Identify a topic of interest and give your project a name/title.

The topic of interest that I chose to focus on with my parter, PJ Casey-Leonard, is golf statistics, more specifically “Strokes Gained”. The project name that we have come up with is “Strokes Gained Analysis”

Phrase 3-5 research questions you would like to explore.

My partner and I researched our own questions and would like to discuss later which ones we want to focus on.

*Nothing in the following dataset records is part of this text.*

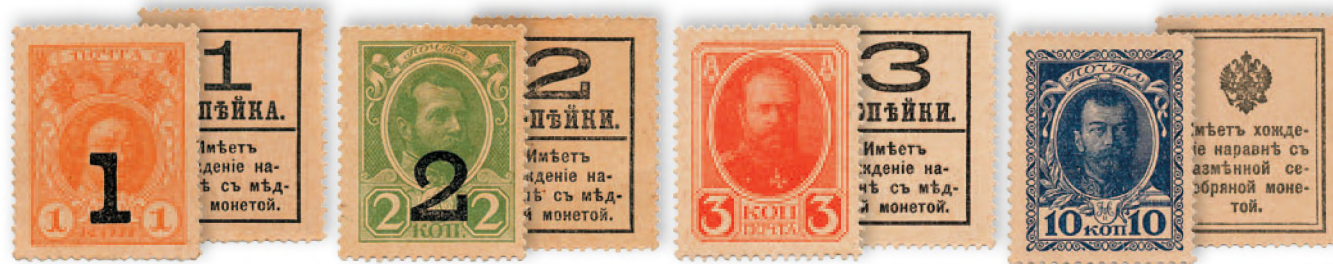
Марки-деньги. 1915-1916 гг. 24x30 мм
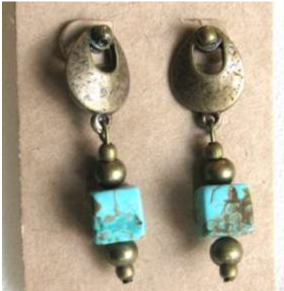
0712124 br Howlita turquesa
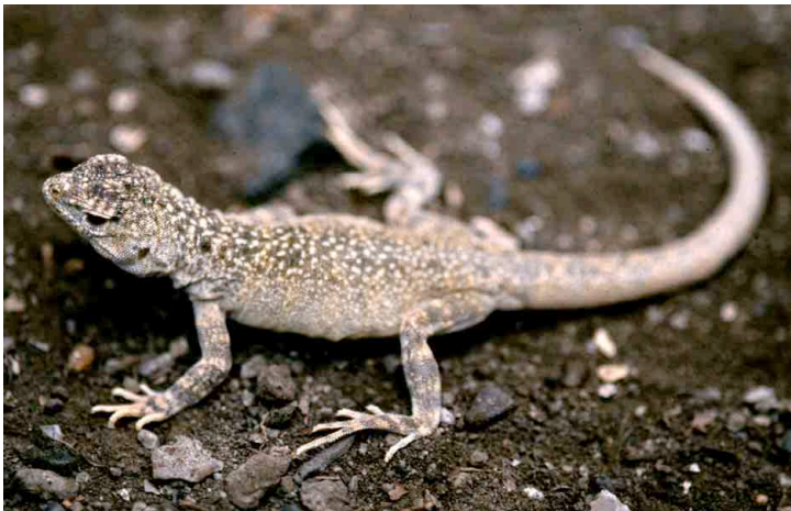
Ctenoblepharys adpersa TROPIDURIDAE

1. Where on the course strokes gained impact a players final standing the most? Prediction: Putting
2. Does a higher purse amount of a tournament result in less variation in strokes gained? Hypothesis: Yes as players might take less risk as they are competing for more money
3. As driver distance has become a larger factor recently in the PGA, has that had a positve impact in strokes gained for off the tee, and a negative impact in strokes gained in other areas? Hypothesis: There will be an improvement in strokes gained over time due to new technology

List the data sources that your find that are relevant with your research questions.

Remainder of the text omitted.